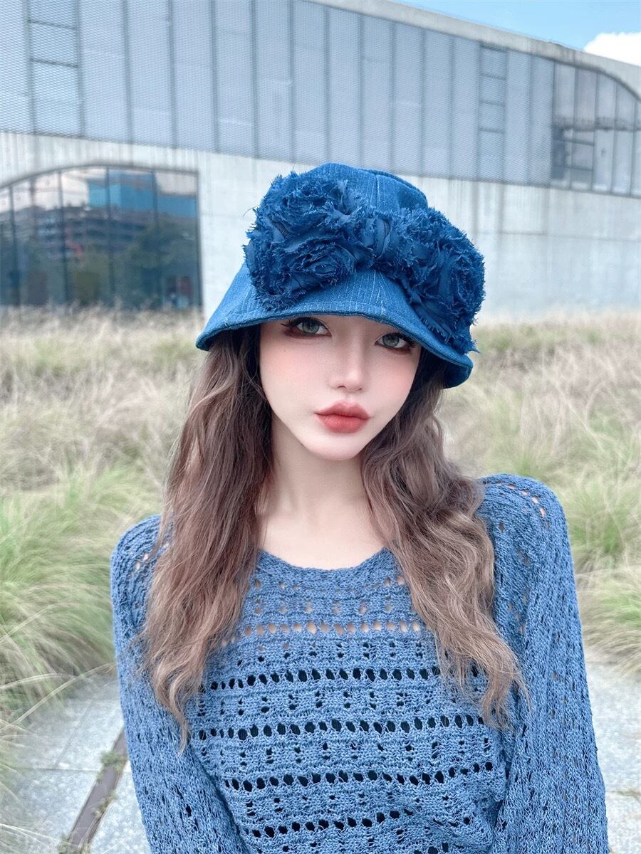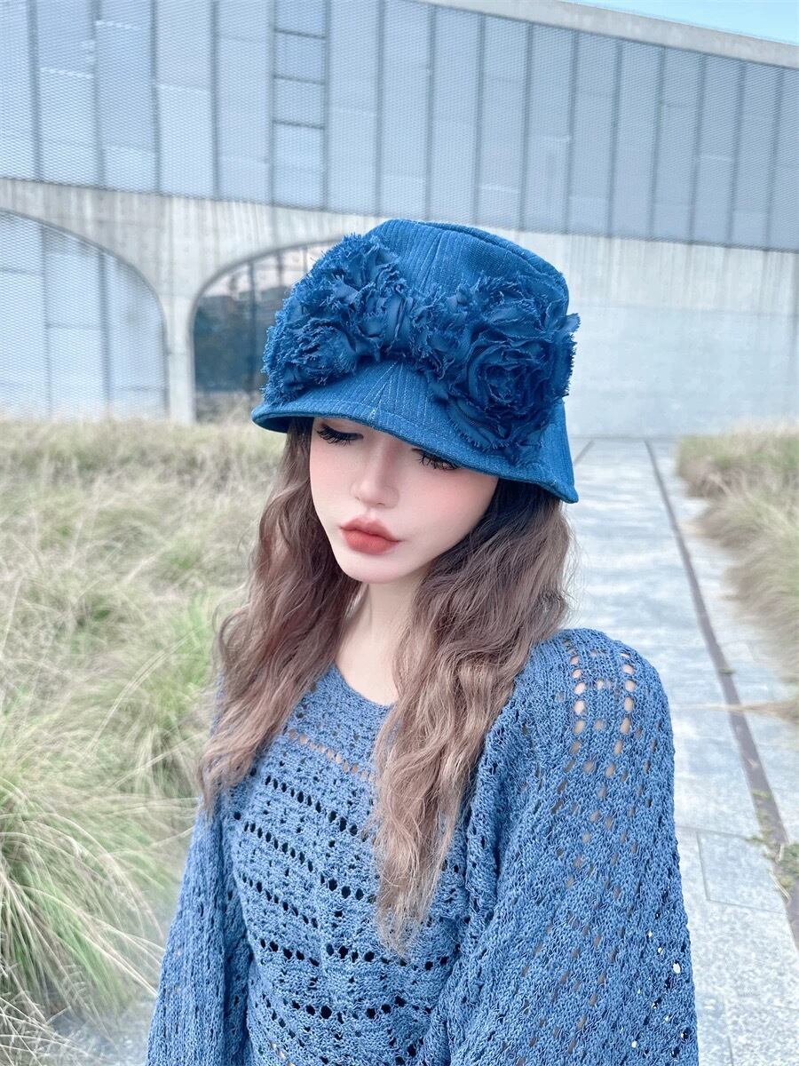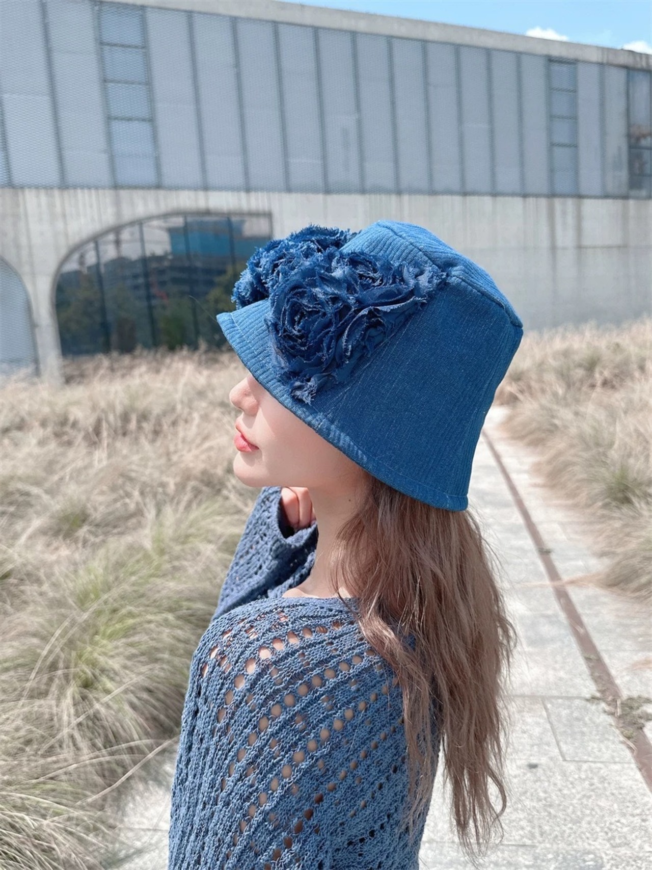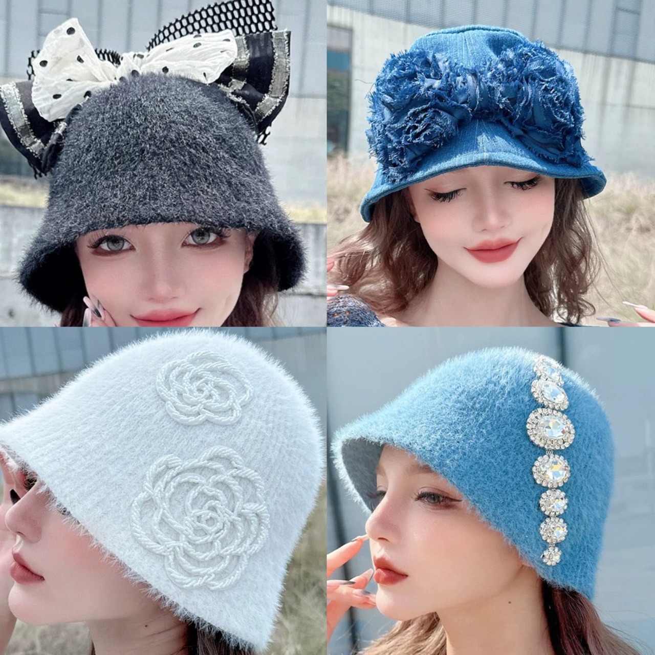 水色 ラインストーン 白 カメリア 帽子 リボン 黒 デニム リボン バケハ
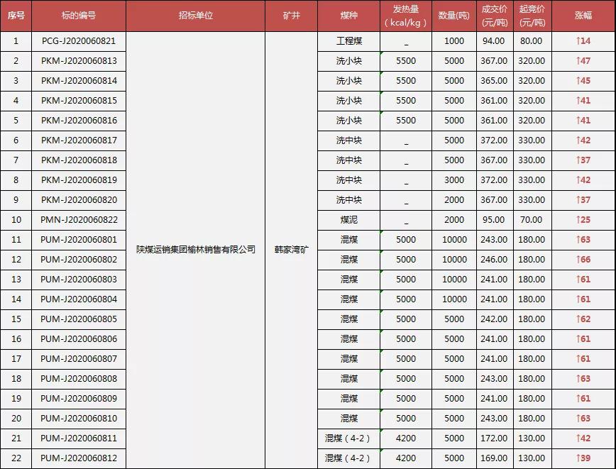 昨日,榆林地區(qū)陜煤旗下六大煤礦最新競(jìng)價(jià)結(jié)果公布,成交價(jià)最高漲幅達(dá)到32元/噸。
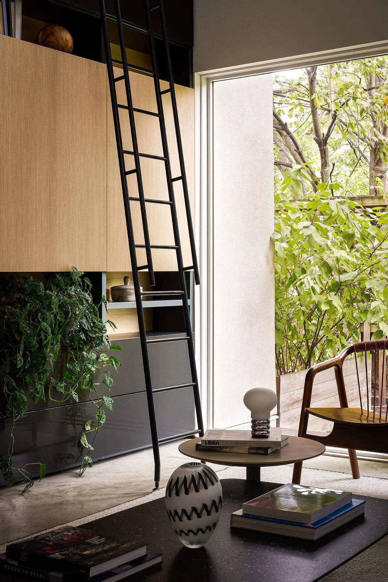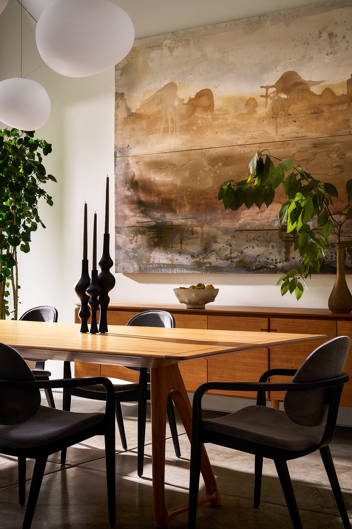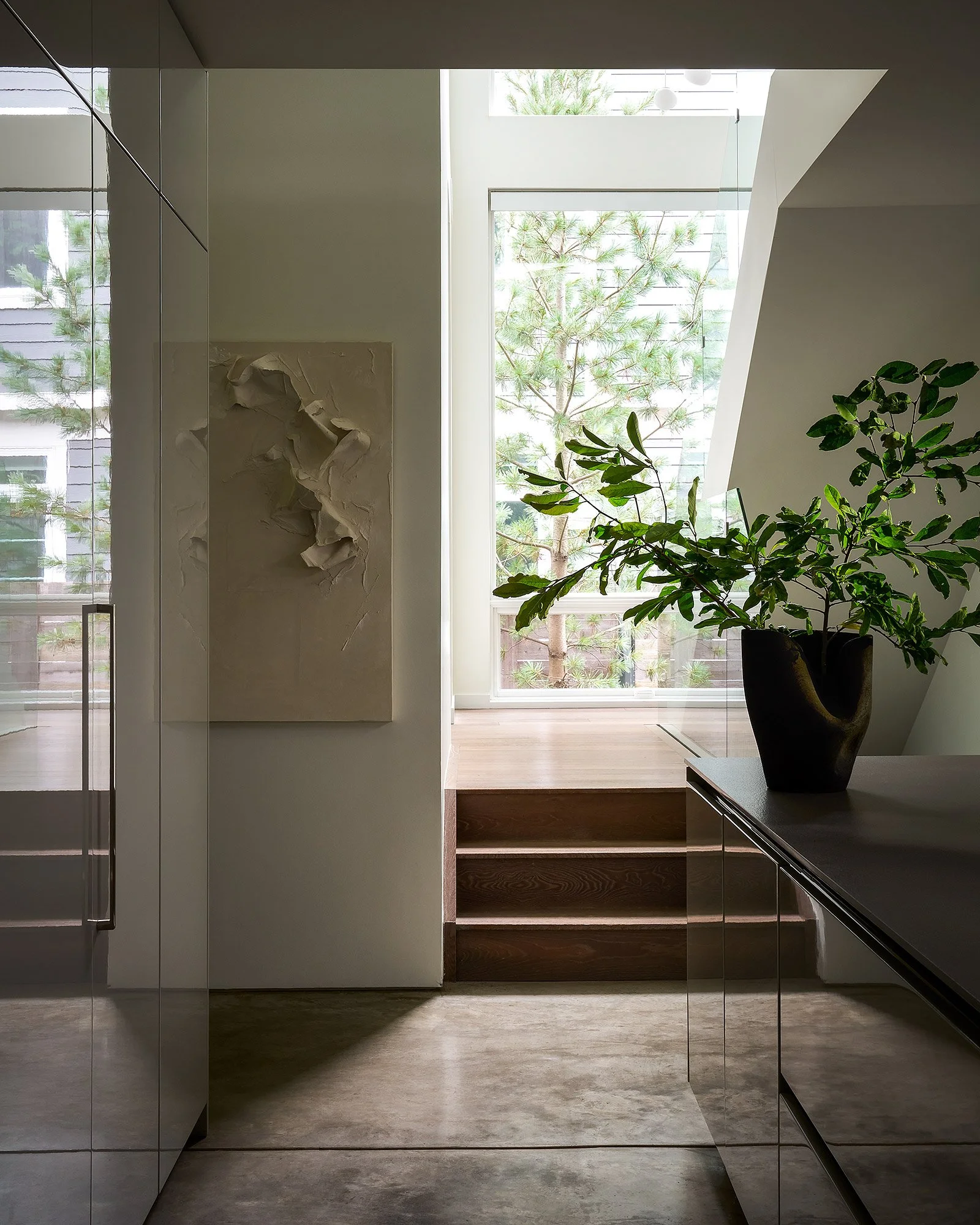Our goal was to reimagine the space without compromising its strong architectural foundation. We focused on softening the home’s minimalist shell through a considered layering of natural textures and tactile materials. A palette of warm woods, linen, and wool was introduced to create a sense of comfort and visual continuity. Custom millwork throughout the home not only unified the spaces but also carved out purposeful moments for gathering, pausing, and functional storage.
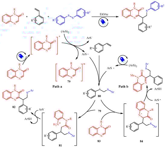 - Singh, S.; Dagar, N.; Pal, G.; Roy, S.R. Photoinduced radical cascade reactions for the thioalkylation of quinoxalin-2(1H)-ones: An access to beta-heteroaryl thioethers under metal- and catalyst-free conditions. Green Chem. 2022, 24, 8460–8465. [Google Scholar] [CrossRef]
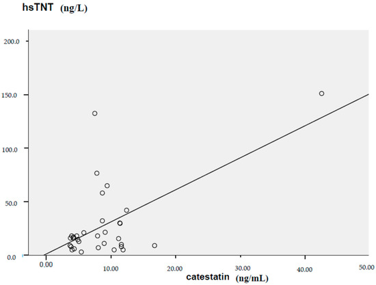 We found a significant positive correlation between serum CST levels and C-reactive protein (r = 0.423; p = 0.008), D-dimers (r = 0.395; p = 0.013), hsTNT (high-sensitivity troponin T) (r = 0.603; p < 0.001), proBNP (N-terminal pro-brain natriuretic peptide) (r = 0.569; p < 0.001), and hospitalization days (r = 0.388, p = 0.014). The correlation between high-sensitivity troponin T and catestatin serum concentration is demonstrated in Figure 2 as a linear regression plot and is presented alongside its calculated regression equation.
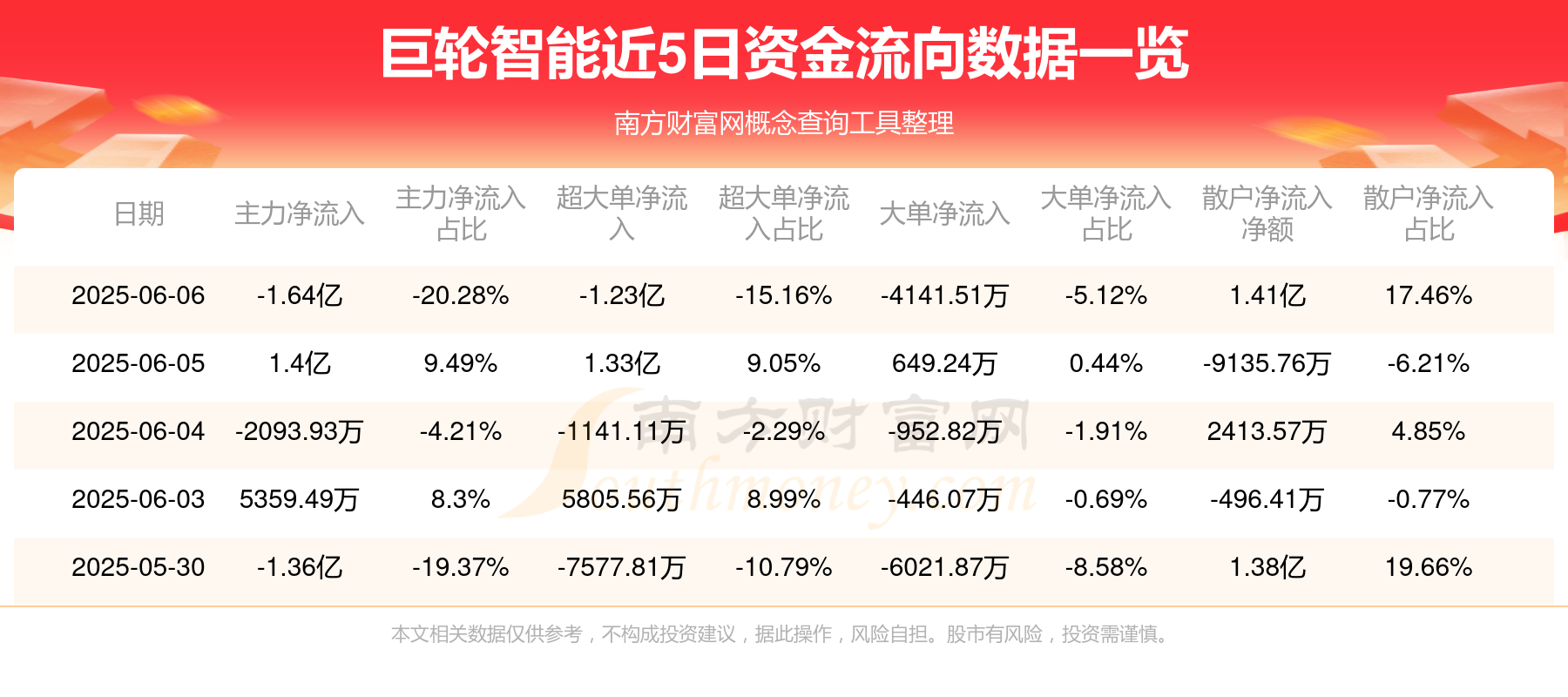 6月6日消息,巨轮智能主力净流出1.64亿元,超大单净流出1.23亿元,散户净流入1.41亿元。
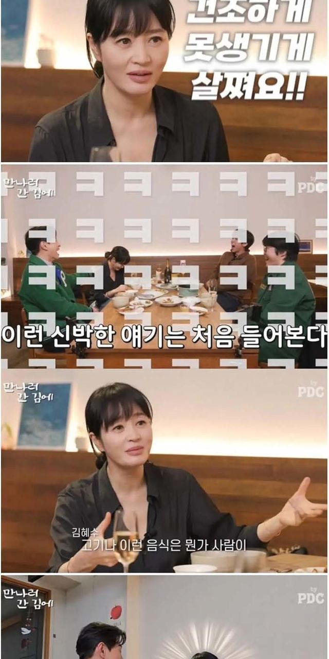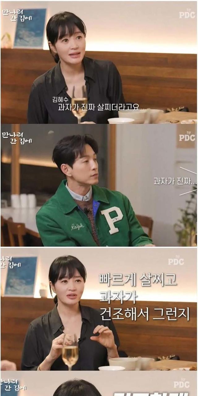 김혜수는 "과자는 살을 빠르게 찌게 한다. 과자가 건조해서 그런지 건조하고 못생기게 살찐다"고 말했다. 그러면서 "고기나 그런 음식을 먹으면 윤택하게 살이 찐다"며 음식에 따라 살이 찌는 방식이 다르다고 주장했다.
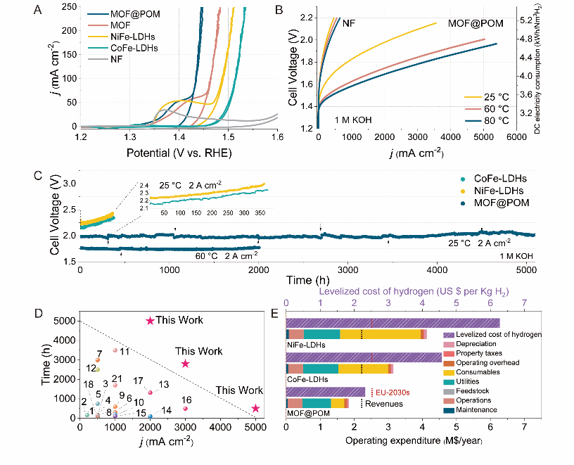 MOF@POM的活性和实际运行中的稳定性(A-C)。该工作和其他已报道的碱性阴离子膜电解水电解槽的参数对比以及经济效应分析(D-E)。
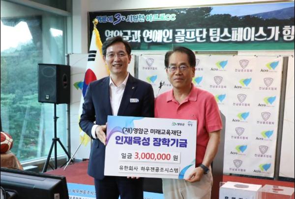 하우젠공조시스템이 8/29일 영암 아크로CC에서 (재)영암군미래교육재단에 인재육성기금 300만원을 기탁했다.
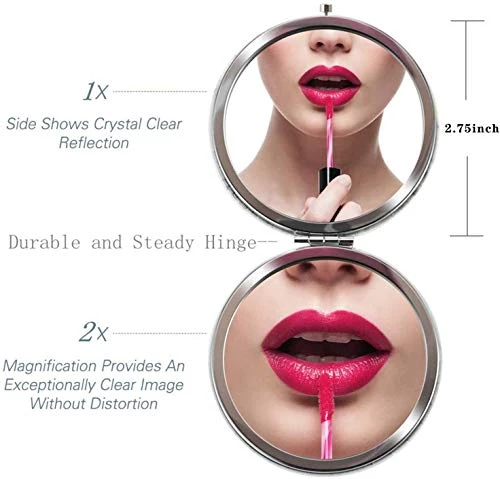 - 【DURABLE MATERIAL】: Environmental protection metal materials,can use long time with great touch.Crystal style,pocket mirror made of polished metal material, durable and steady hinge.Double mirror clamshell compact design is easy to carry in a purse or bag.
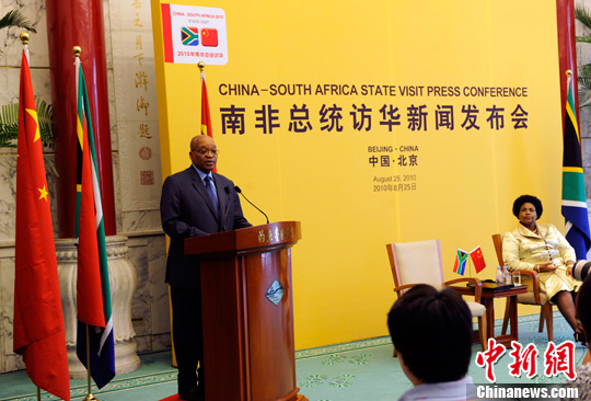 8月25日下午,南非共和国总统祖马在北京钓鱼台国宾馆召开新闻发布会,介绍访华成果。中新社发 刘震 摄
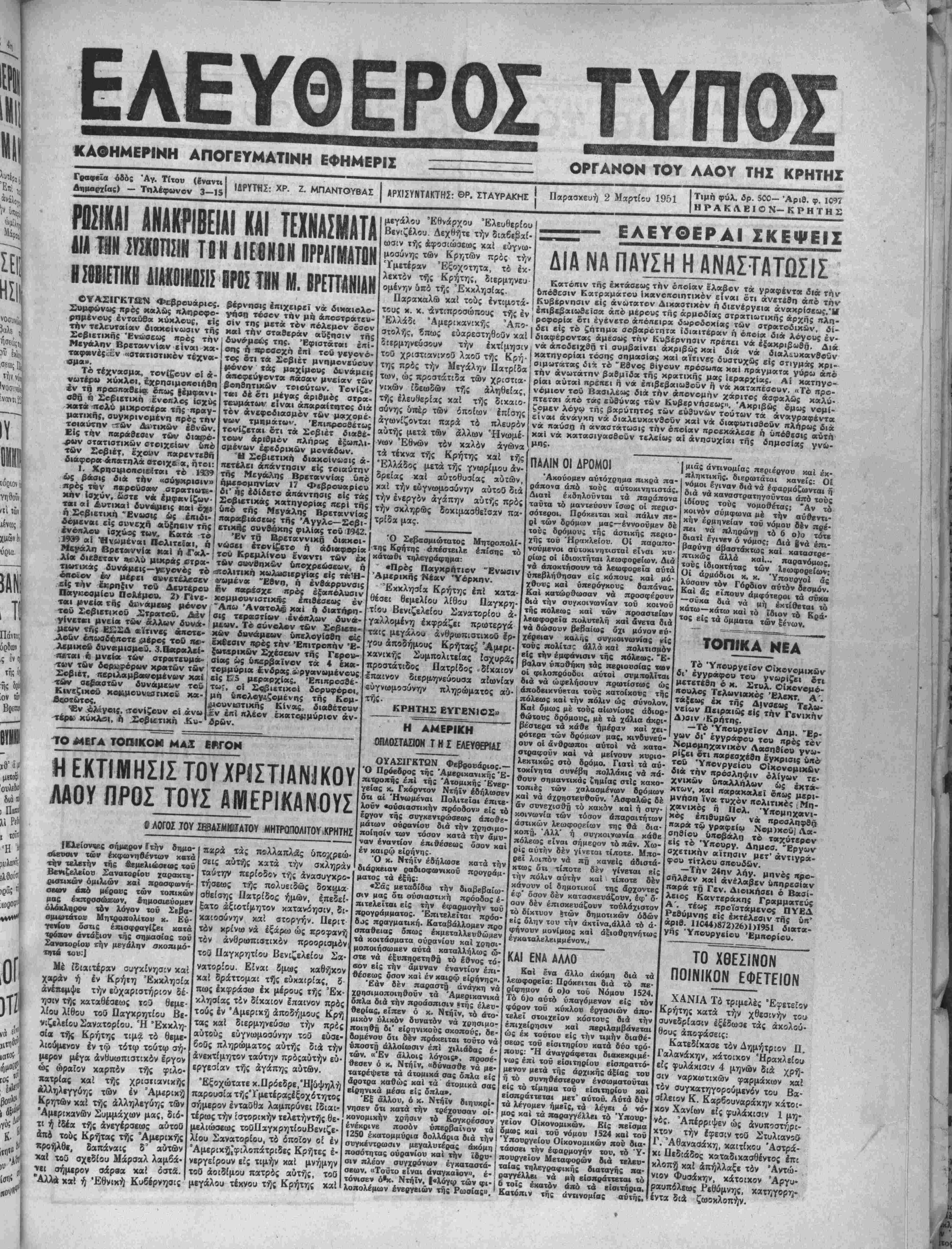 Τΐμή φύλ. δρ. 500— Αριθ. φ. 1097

*Problem*:
Give again, exactly, the lines from the start of the data through the one holding "昨日,榆林地區(qū)陜煤旗"; omit the pictures.

*Answer section*:
 水色 ラインストーン 白 カメリア 帽子 リボン 黒 デニム リボン バケハ
 昨日,榆林地區(qū)陜煤旗下六大煤礦最新競(jìng)價(jià)結(jié)果公布,成交價(jià)最高漲幅達(dá)到32元/噸。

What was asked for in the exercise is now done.